PNNL

Abstract

We provide a detailed study of the hydrogen bonding arrangements, the relative stability, and an analysis of the many-body effects in the (H2O)20 (D-cage), (H2O)24 (T-cage) and (H2O)28 (H-cage) hollow cages making up the structure I (sI) and structure II (sII) clathrate hydrate structures. Based on the enumeration of the possible hydrogen bonding networks for a fixed oxygen atom scaffold, the residual entropy (S_0) of these gas phase cages was estimated at 0.75482, 0.7544 and 0.75417 ·Nk_b, where N is the number of molecules and k_b is Boltzmann’s constant for the D-, T- and H-cages, respectively.

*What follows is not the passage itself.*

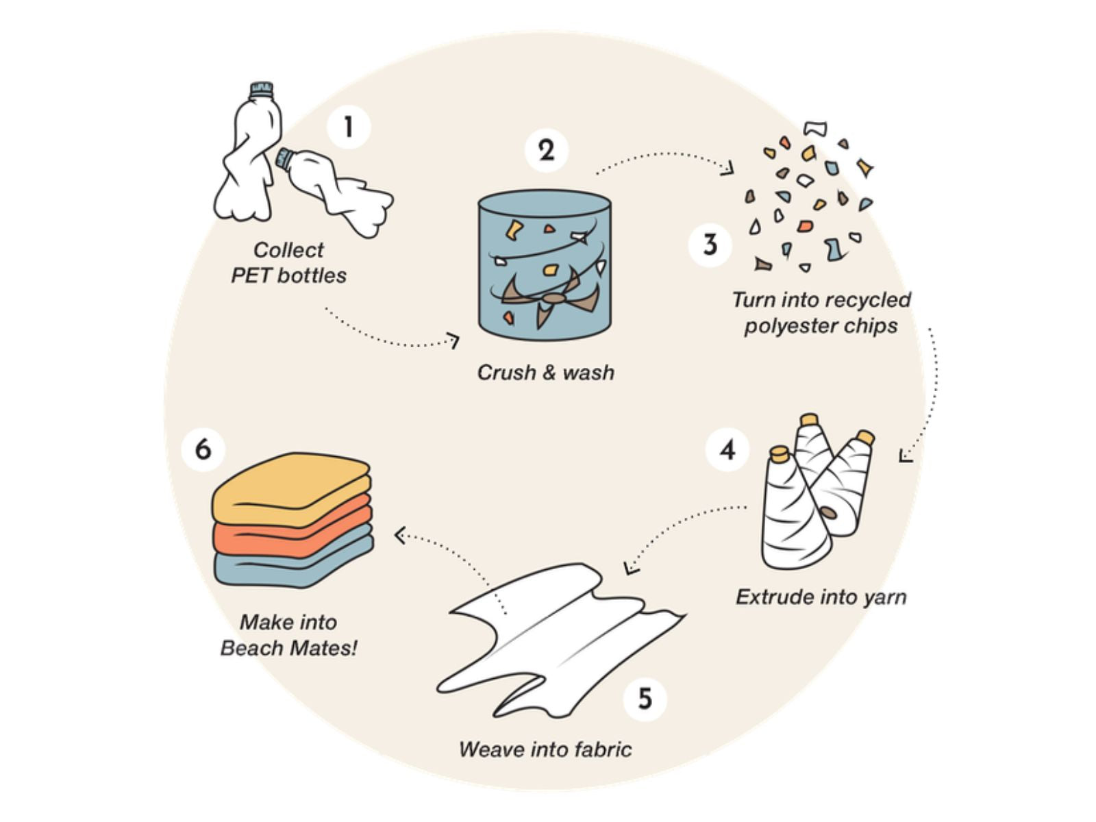 Our mat and wash bag are made from 100% post-consumer recycled plastic bottles — strong, soft, and sand-free.

We show that previously identified descriptors of enhanced stability of the (H2O)20 cage based on the relative arrangement and connectivity of nearest-neighbor fragments on the polyhedral water cluster, as described by the Strong-Weak-Effective-Bond model, are also contributing to the relative stability of networks for the larger (H2O)24 and (H2O)28 hollow cages. The three cages considered in this study contain a maximum of 7, 9 and 11 such preferable arrangements of nearest neighbor dimers (t1d dimers). We report the optimization of all 30,026 hydrogen bond arrangements of (H2O)20, all structures containing 7 to 9 (t1d) dimers for (H2O)24 and all structures containing 9 to 11 (t1d) dimers in (H2O)28. We have found that many possible hydrogen-bond arrangements do not correspond to local minima and collapse to lower-energy structures upon optimization, usually by bridging one of the pentagonal rings in the cage structure. To better understand the subtle hydrogen-bonding interactions in these cages, we report the Many-Body Expansion (MBE) up to the 4-body term for the optimized structures of the three cages. The MBE analysis suggests that the many-body terms vary nearly linearly with the cluster binding energy and that the 2- and 3-body energies have nearly the same slope with respect to the total energy. By using a hierarchical approach of screening the relative stability of networks starting from optimizations with the TIP4P, TTM2.1-F and MB-pol classical potentials, subsequently refining at more accurate levels of electronic structure theory (DFT and MP2) and finally correcting for zero-point energy, we were able to identify a group of 4 low-lying isomers of the (H2O)24 T-cage, two of which are antisymmetric and the other two form a pair of antipode configurations.